Whale’s eyes are a window into their evolution from land to sea according to U of T researchers

July 27, 2022 by Neil Macpherson - Cell & Systems Biology

Surprising details about the transition of early whales from living on shore to diving down to feast on deep-dwelling prey have been revealed by Sarah Dungan and Belinda Chang. Their pivotal result shows that early whales had visual systems adapted to deep diving, firmly linking this change in behaviour to swift evolutionary adaptation.

Chang is a professor in the Faculty of Arts & Science’s Departments of Ecology & Evolutionary Biology and Cell & Systems Biology. Dungan is a former member of Chang’s lab.

Deep diving by marine mammals is one of the great evolutionary transitions, along with powered flight and living on land, and reveals much about how quickly life can adapt in a changing world.

Belinda Chang and her students
Belinda Chang (back left) leads a lab that is devoted to understanding how animals see, and how their vision evolves to adapt to their environment. Sarah Dungan (to Chang's left) researched whale vision as a former member of Chang’s lab.

Whales evolved from mammals that share a common ancestor with hippos and that were partially aquatic. The great mystery of their transition to deep sea foraging was how quickly this ability developed. Dungan and Chang looked at whale fossils on a molecular level and focused on the rhodopsin protein which absorbs light and sends a signal that travels through the retina to the brain.

“One of the most intriguing aspects of this iconic land-to-sea evolutionary transition is that the qualities of the visual environment completely changed,” says Chang. “This helped to define which genes would be the most interesting for us to target in our studies.”

Dungan applied robust data science models to rhodopsin proteins from a variety of living whales and related mammals. This computerized analysis revealed a gene sequence representing the rhodopsin found in the common ancestor of all living whales. She expressed this gene in lab-grown cells to ‘resurrect’ the predicted protein and experiment on purified samples.

The fossil record is the gold standard for understanding evolutionary biology. But despite what Jurassic Park would have you believe, extracting DNA from fossil specimens is rare because the condition tends to be poor.

"The fossil record is the gold standard for understanding evolutionary biology,” says Dungan. “But despite what Jurassic Park would have you believe, extracting DNA from fossil specimens is rare because the condition tends to be poor. So, if you’re interested in how genes and DNA are evolving, you rely on mathematical modelling and a strong sample of genes from living organisms to complement what we understand from the fossil record."

Dungan and Chang were astonished by the biochemical properties of the resurrected protein compared to land mammals. Early whale rhodopsin was more sensitive to the blue light that penetrates deepest into the ocean, to a degree that exceeded expectations. Its biochemical properties also suggested that the retinas of early whales could respond rapidly to changes in light levels.

These results mean that the common ancestor of living whales was already a deep diver, able to see in the blue twilight zone of the ocean, with eyes that swiftly adjusted to dark conditions as the whale rushed down on a deep breath of surface air.

"In the evolution of whale diving, there's been a long-standing question of when deep-sea foraging evolved," says Chang. "And it seems that based on our data, this happened before toothed and baleen whales diverged. The common ancestor of all living cetaceans was deeper diving — and then later species evolved all the diverse foraging specializations we see in modern whales and dolphins today."

Early whales eventually evolved into the many kinds of toothed whales and baleen whales we see today. As separate species of whale evolved, they established ecological niches at various levels of the sea and even in freshwater rivers. Dungan and Chang’s work shows that there were further evolutionary adaptations as members of both groups either surfaced from the early deep levels to hunt closer to the surface or specialized to become even more extreme divers.

 It is amazing that now, we can have this level of insight into the lifestyle of a long-extinct organism, just from doing laboratory experiments on one protein. Ancestral protein resurrection is an incredibly powerful way for us to interrogate how ancient organisms evolved that most people don't know about.

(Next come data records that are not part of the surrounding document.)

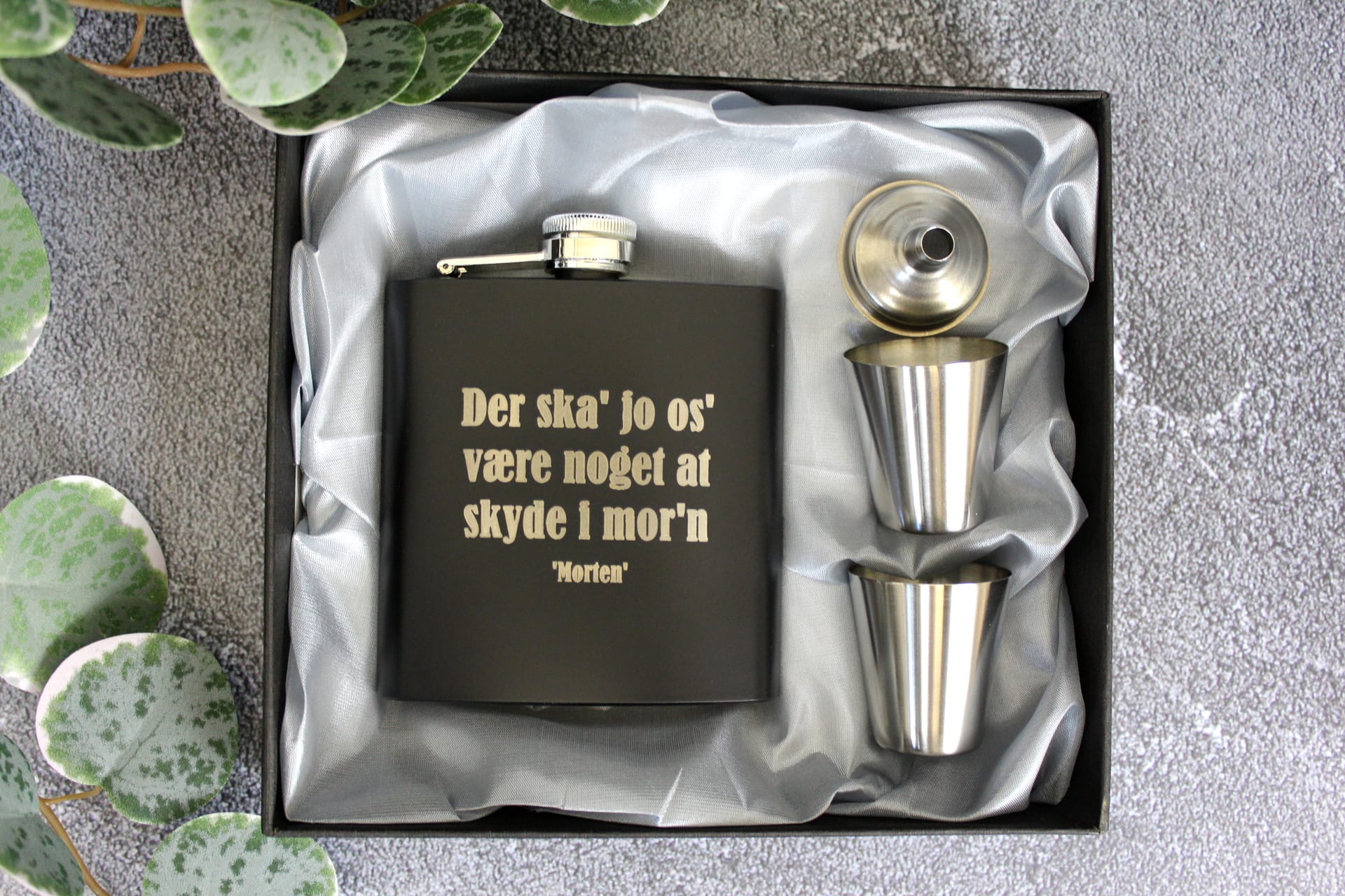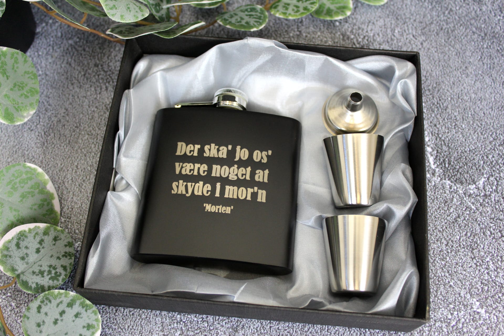 - Design: Sjov jægertekst med mulighed for personlig gravering
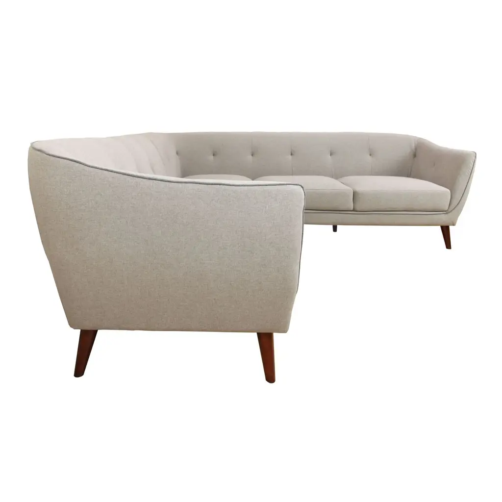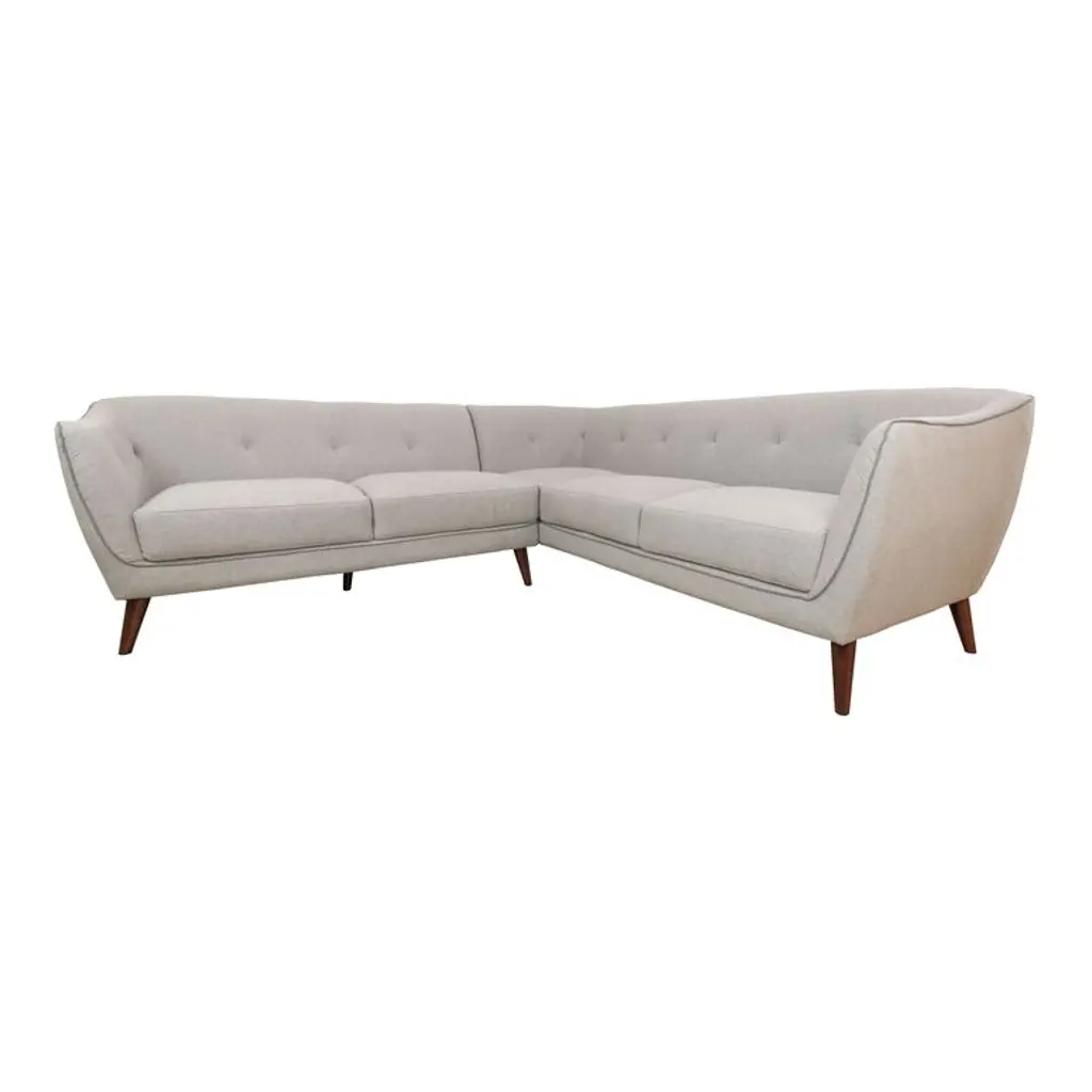 With a subtly curved silhouette and striking splayed legs, our Nelson two-piece sofa exudes svelte mid-century style. Featuring a solid hardwood frame, supportive seats and a roomy L-shape, this sectional stunner offers ample seating for your living room so you can lounge in comfort and style. The Nelson is available in two distinct looks: a concrete-gray version with walnut legs, and textural black tweed with ash-gray legs.
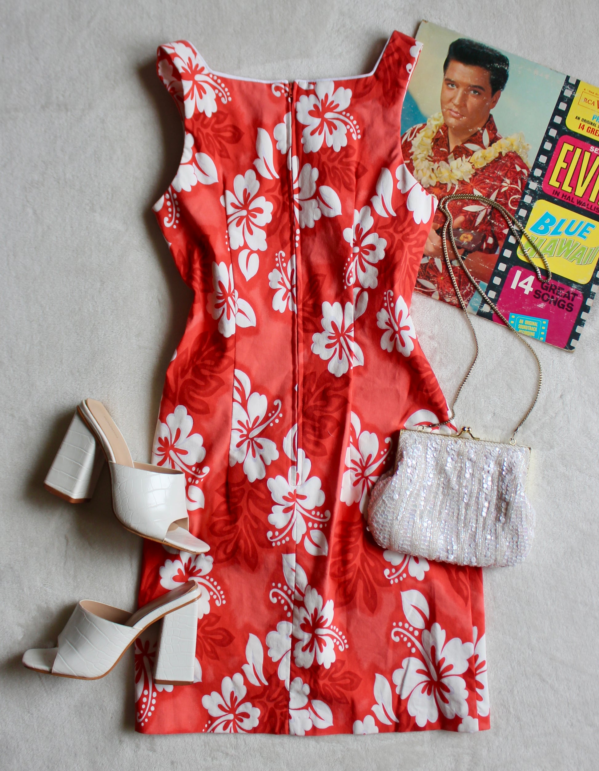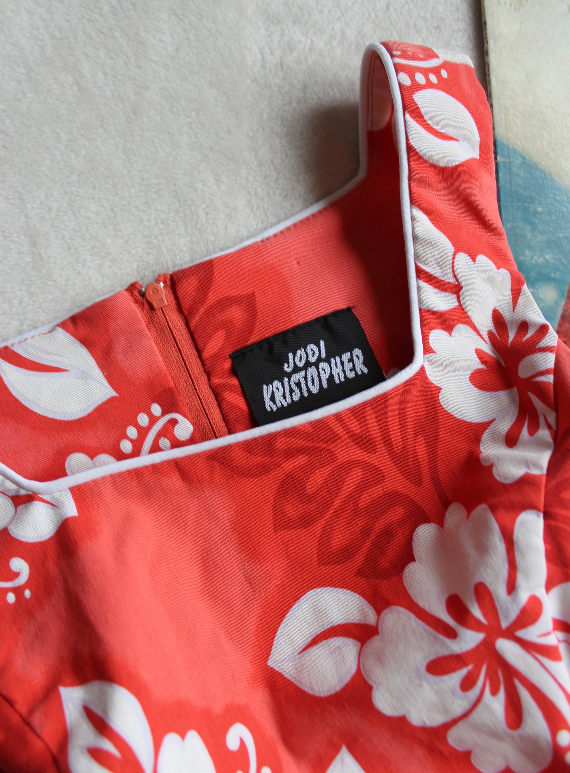 Instantly add some color and happiness to your life with this gorgeous vintage Hawaiian dress by Jodi Kristopher featuring a a square neckline with white piping, a 60s/70s style silhouette and zipper on the back. Material has a slight stretch to it, making it more comfortable on. No size marked; would fit a Women’s XS/Small best. See measurements below!
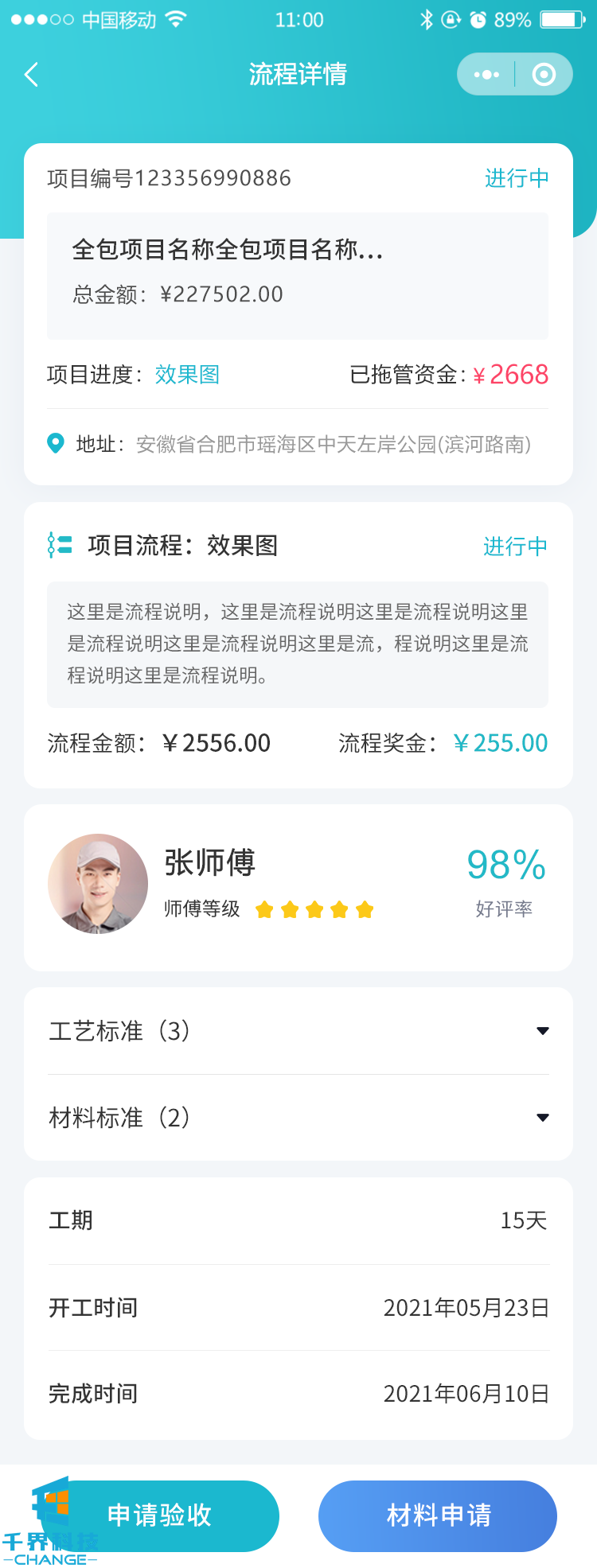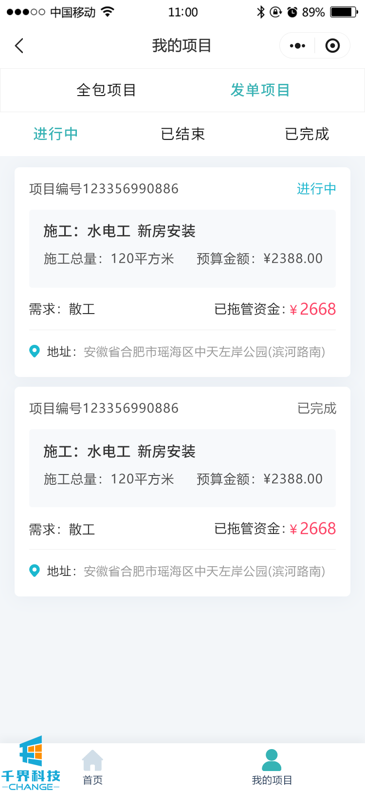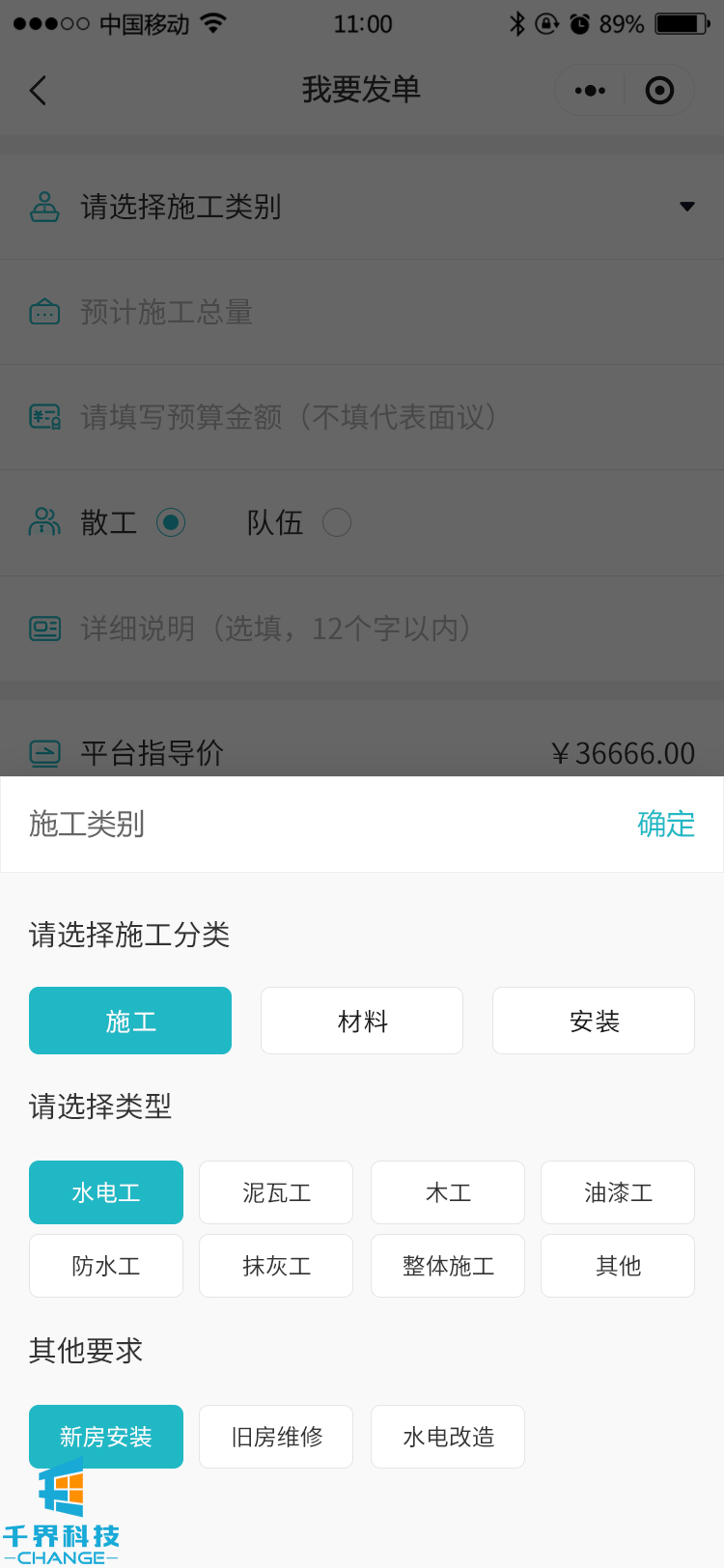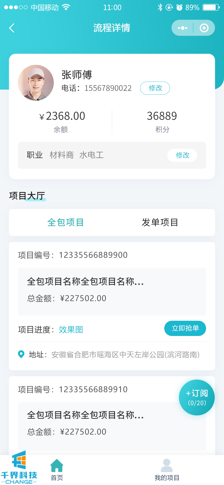 該項目一個家裝小程序,平臺有分包和整包,分包是用戶在前端下單,對應的師傅進行接單,整包是后臺進行發包,每個節點的師傅相應的報名接單
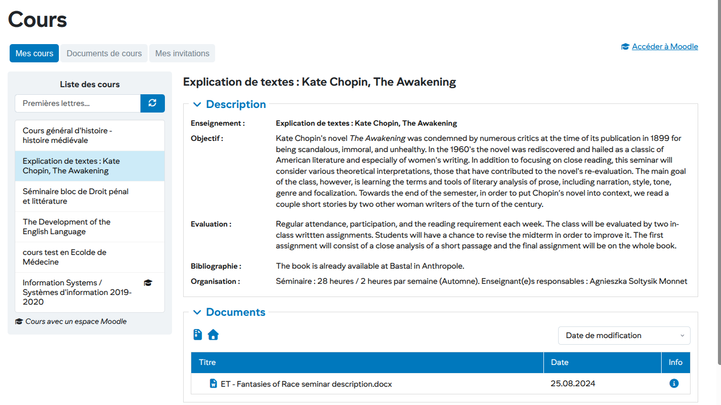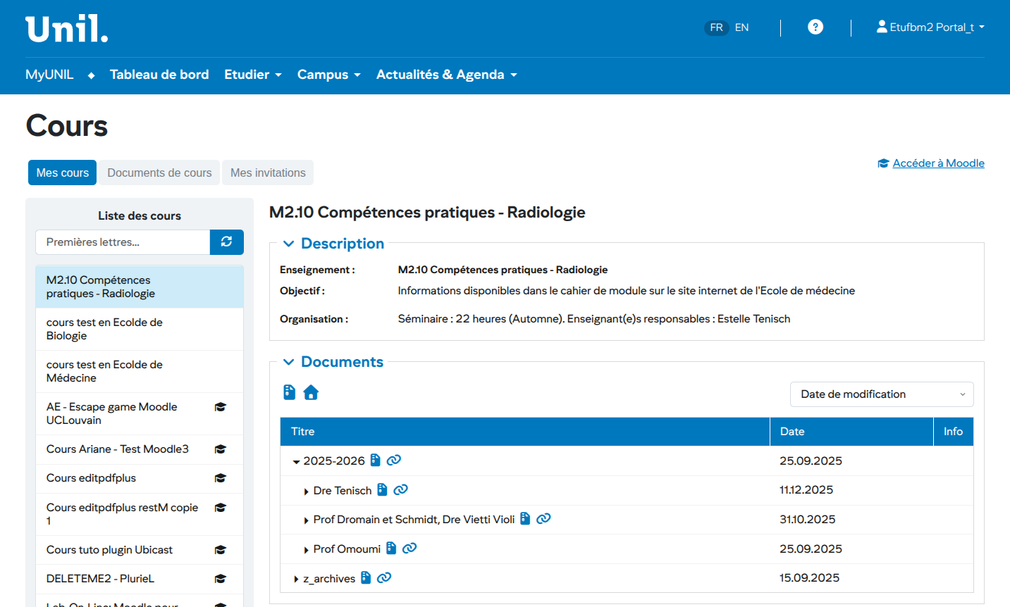 Les étudiants peuvent accéder à tous les documents de cours déposés par l’enseignant si celui utilise MyUNIL pour la gestion des documents de cours.

This work is published in the journal Proceedings of the National Academy of Sciences as “Ancient whale rhodopsin reconstructs dim-light vision over a major evolutionary transition: Implications for ancestral diving behavior.”

"I’ve always been fascinated by whales. The idea that there was a land mammal like me that eventually evolved to live underwater blew my mind as a kid, even though I really didn't understand exactly what that meant at the time,” says Dungan. “It is amazing that now, we can have this level of insight into the lifestyle of a long-extinct organism, just from doing laboratory experiments on one protein. Ancestral protein resurrection is an incredibly powerful way for us to interrogate how ancient organisms evolved that most people don't know about.”

Dungan and Chang now plan to resurrect the ancestral whale proteins that transmit the rhodopsin light signal from the retina to the brain to provide insights into the neurological adaptations associated with deep diving. They will probe ancient evolutionary adaptations associated with new behaviours and hope to gain greater insight into how animals may adapt to our changing world.